ACTIVITY:
Nothing after the line with "6月8日,学院党委理论学习中" belongs in the copy; extract the lines below from the top through that line, pictures left out.

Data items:
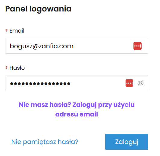 2. Podaj email i hasło, które zostały ustalone podczas rejestracji.
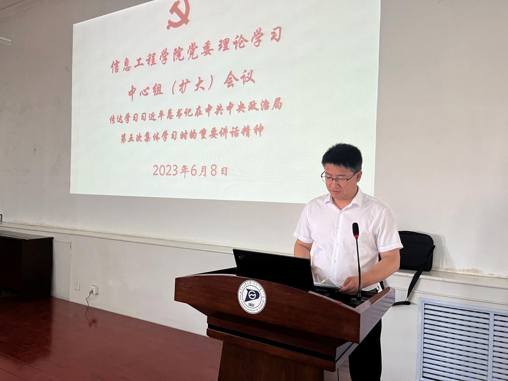 6月8日,学院党委理论学习中心组(扩大)召开专题学习会,深入学习领会习近平总书记在中共中央政治局第五次集体学习时的重要讲话精神。学院党委书记乌迪主持会议,全院教职工参加学习。
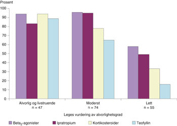Alvorlighetsgraden influerte som forventet på antall legemidler som ble anvendt. Ved livstruende, alvorlig og moderat sykdom fikk nesten alle pasientene beta₂-agonister og ipratropiumbromid. Dette er i samsvar med anbefalingene. Selv om glukokortikoider ble gitt til nærmere 90 % ved de alvorligste og til 75 % ved de moderate formene, er det fortsatt en gruppe pasienter med akutt forverring av obstruktiv lungesykdom som ikke straks får tilleggsdoser av perorale eller intravenøse glukokortikoider. De fleste av disse pasientene hadde en lett alvorlighetsgrad. Vi vet ikke om deres luftveissymptomer kan ha hatt andre årsaker enn kronisk obstruktiv lungesykdom, eller om de fikk behandling av lege eller i ambulanse kort tid før innleggelsen. Forløpet hos disse pasientene i relasjon til de øvrige ble ikke undersøkt og heller ikke hvilken tilleggsbehandling de fikk etter tre timer i sykehus. En nylig publisert amerikansk placebokontrollert multisenterstudie (22) viste at ved forverring av kronisk obstruktiv lungesykdom vil 20 – 60 mg prednisolon i to uker redusere bruk av andre legemidler og forkorte sykehusoppholdet med to dager. Ved astma er det vist at inhalert fluticason ikke kan erstatte glukokortikoider ved akutte alvorlige forverringer (23).
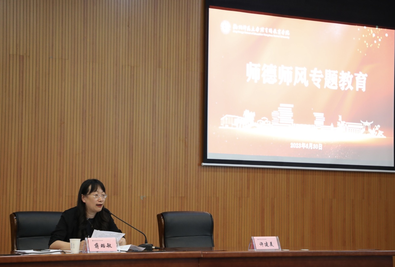 2023年6月30日下午,学院召开全体教工大会,总结回顾学期工作并部署暑期工作,开展师德师风专题教育,会议由蒋璐敏书记主持。
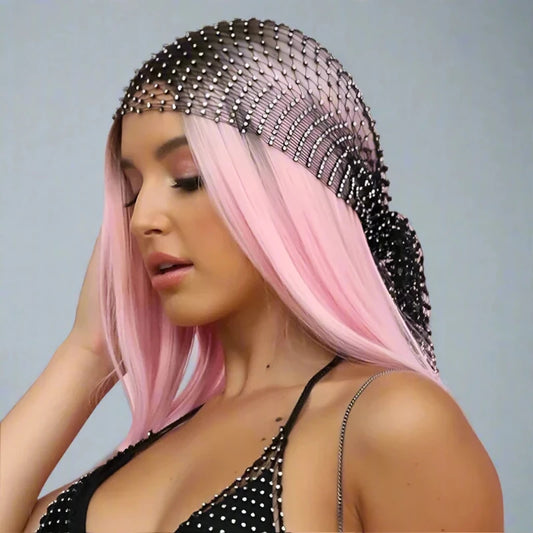 Neutral Rhinestone Studded Black-Tie Hair Scarf
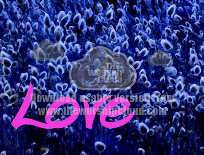 The word love against a blue background of grass.
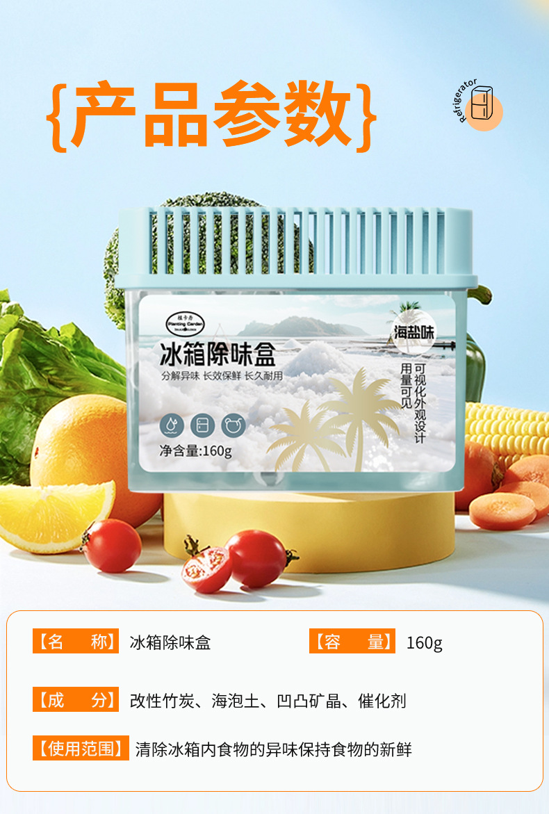 📦 | Refrigerator deodorizing box丨160g | 1шт: ¥2.80, 5000шт: ¥2.60, 10000шт: ¥2.40 | 968072 | 5986722434300 |

WRITTEN SOLUTION:
 2. Podaj email i hasło, które zostały ustalone podczas rejestracji.
 6月8日,学院党委理论学习中心组(扩大)召开专题学习会,深入学习领会习近平总书记在中共中央政治局第五次集体学习时的重要讲话精神。学院党委书记乌迪主持会议,全院教职工参加学习。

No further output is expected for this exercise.